4.1.2. Training on the TCDE Dataset
The second model for average predictions is trained on the Text Complexity DE Challenge
dataset (Naderi et al., 2019). DistilBERT (Sanh et al., 2019)
is fine-tuned for the regression task. As Arps et al. (2022) suggested in the
TCDE Challenge, we use the pre-trained distilbert-base-german-cased model and set its
hyperparameters as follows: batch_size=10
, learning_rate=2e-5
, and epochs=5
. After
training, we use this model to make predictions of average values on our student dataset. The
predictions of this model are also used as an input feature for the perceived text complexity
models.
4.2. Feature Selection
Feature | Description |
---|---|
BERT predictions (student dataset) | Predicted average complexity of each sentence by the fine-tuned BERT model trained on our student-annotated dataset |
Predictions (TCDE dataset) | Predicted average complexity of each sentence by the fine-tuned DistilBERT model trained on the TCDE dataset |
Out of vocabulary (OOV) | Estimated share of unfamiliar words in a sentence |
Age | 16; 17; 18 or older |
Gender | (1) male, (2) non-binary or no answer, (3) female |
Language at home | (1) German, (2) German and another language, (3) another language |
German skills (self-stated) | Ranges from very good (1) to very bad (5) |
Type of training | (1) college, (2) vocational training, (3) not yet decided |
Field/occupation | (1) STEM, (2) non-STEM, (3) other / not yet decided |
German grade | Ranges from (1) very good to (6) no answer |
Maths grade | Ranges from (1) very good to (6) no answer |
Academic | (1) non-academic high school, (2) academic high school |
In total, twelve features are used to train the regression models in predicting perceived text complexity scores. The features are based on students’ individual characteristics, the predicted labels from the fine-tuned BERT and DistilBERT models, and the vocabulary originating from the GraphVar corpus (Romstadt et al., 2024). The predictions of the BERT models and the ratio of out of vocabulary words are the only linguistic features that we include in the regression model. All remaining features relate to students’ demographic characteristics, information on their language skills, field/occupation and type of training desired after high school, the type of high school, and their school grades in German and Maths. To achieve a better feature interpretation in the SHAP analysis, we use an ordinal encoding for the features gender, language at home, type of training, and field. Additionally, we reduce the field feature characteristics to STEM, non-STEM, and other / not yet decided by merging all answer options that belong to the non-STEM field to get a more balanced feature representation. An overview of all features used is provided in Table 3.

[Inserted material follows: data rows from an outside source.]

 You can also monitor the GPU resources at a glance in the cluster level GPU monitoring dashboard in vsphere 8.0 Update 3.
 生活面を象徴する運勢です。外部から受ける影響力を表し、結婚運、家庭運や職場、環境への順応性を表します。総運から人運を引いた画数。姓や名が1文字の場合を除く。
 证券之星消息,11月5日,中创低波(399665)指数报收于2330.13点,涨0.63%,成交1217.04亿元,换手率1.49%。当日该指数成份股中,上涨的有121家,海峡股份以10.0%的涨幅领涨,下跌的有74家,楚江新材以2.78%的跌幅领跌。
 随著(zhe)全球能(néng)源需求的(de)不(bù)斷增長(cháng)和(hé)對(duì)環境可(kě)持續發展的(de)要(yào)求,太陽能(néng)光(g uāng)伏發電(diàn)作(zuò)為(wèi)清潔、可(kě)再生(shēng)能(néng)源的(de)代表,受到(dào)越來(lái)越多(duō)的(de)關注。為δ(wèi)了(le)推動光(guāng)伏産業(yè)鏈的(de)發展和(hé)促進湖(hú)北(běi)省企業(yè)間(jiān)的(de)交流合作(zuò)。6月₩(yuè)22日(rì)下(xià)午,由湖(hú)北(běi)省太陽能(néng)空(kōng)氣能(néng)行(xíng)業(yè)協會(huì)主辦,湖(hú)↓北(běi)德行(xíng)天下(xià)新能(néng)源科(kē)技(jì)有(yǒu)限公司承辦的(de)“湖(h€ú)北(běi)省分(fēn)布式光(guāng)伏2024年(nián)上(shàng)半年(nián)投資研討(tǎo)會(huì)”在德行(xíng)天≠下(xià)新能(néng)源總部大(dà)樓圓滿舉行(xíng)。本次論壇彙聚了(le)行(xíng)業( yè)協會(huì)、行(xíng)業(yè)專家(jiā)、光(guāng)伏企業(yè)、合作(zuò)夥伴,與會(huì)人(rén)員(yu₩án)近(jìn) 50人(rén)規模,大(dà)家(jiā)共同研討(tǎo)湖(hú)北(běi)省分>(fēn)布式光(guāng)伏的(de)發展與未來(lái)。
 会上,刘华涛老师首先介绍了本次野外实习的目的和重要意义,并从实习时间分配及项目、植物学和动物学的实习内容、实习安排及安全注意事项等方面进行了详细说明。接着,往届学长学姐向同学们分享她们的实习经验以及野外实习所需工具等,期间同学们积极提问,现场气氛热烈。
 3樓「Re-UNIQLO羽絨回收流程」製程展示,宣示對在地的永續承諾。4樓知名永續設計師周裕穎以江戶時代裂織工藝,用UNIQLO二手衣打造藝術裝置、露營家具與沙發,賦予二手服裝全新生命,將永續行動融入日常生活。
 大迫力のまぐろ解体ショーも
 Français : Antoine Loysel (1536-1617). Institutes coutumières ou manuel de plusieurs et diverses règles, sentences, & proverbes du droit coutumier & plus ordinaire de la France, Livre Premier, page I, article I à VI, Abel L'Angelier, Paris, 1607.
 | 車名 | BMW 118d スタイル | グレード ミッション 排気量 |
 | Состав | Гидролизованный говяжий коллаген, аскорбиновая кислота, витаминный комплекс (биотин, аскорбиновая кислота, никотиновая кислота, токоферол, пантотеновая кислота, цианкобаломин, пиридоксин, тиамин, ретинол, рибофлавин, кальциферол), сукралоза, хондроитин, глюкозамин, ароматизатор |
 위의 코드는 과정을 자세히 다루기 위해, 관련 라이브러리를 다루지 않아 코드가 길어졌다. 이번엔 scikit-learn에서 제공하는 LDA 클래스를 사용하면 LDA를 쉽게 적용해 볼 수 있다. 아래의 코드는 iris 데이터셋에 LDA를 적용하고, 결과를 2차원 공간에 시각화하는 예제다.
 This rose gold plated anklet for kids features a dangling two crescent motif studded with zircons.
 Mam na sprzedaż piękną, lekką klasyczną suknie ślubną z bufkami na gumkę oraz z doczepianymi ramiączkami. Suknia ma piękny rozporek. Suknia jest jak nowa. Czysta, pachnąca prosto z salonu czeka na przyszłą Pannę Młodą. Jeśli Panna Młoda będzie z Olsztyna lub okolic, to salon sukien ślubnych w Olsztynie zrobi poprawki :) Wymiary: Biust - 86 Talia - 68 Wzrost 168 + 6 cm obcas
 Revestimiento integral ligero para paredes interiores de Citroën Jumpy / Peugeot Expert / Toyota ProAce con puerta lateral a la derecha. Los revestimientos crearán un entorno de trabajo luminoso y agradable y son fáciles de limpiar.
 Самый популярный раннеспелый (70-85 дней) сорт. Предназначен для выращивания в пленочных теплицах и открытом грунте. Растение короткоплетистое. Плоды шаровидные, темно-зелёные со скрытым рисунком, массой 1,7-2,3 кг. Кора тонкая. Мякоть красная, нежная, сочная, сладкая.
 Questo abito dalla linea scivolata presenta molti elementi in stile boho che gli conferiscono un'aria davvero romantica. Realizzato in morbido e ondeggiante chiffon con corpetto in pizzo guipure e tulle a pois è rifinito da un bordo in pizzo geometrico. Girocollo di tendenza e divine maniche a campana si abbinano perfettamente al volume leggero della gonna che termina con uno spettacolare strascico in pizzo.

4.3. Perceived Text Complexity Prediction
To incorporate the linguistic and person-related features for the text complexity predictions, several
machine learning models are trained to perform a regression task. Figure 2 illustrates the model
and the sources of input features. We use the student-annotated dataset containing 3954
individually annotated sentences and split the data into \(80\%\) training data and \(20\%\) test data. All models are
optimized using a \(5\)-fold cross-validation for hyperparameter tuning on the training set. In the
following, we give an overview of the regression models and their best hyperparameter
values:
Linear Regression (LR):
A linear regression model (Galton, 1886) aims to explain a linear relationship between a dependent and
multiple independent variables. Using this model, we assume that the input features, such as school
grades or average text complexity predictions, are linearly connected to the perceived text
complexity.
Support Vector Machine (SVM):
A Support Vector Machine (Cortes and Vapnik, 1995) maps input features into a high-dimensional
space using a kernel function, e.g., linear, polynomial, radial basis function (rbf). It aims to find a
hyperplane in this space that best separates the data. Depending on the chosen kernel function, it can be
used to explain linear or non-linear relationships in the data. The hyperparameter values
are set as follows (see Appendix C): kernel=rbf
, degree=2
, gamma=0.1
, C=10
,
epsilon=0.01
Multilayer Perceptron (MLP):
A multilayer perceptron (Rumelhart et al., 1986) is a feedforward artificial neural
network that consists of an input layer, multiple hidden layers, and an output layer. Each node, or
neuron, in one layer connects to every node in the following layer, with these connections representing
the weights of the model. Since MLPs can capture non-linearities and interactions between
features, they differ strongly from linear models. The hyperparameter values are set as follows:
activation=tanh
, max_iter=20000
, hidden_layer_sizes=(100,50)
,
learning_rate=constant
, solver=adam
, alpha=0.001
XGBoost (XGB):
XGBoost (Chen and Guestrin, 2016) trains a series of decision trees in a gradient boosting framework.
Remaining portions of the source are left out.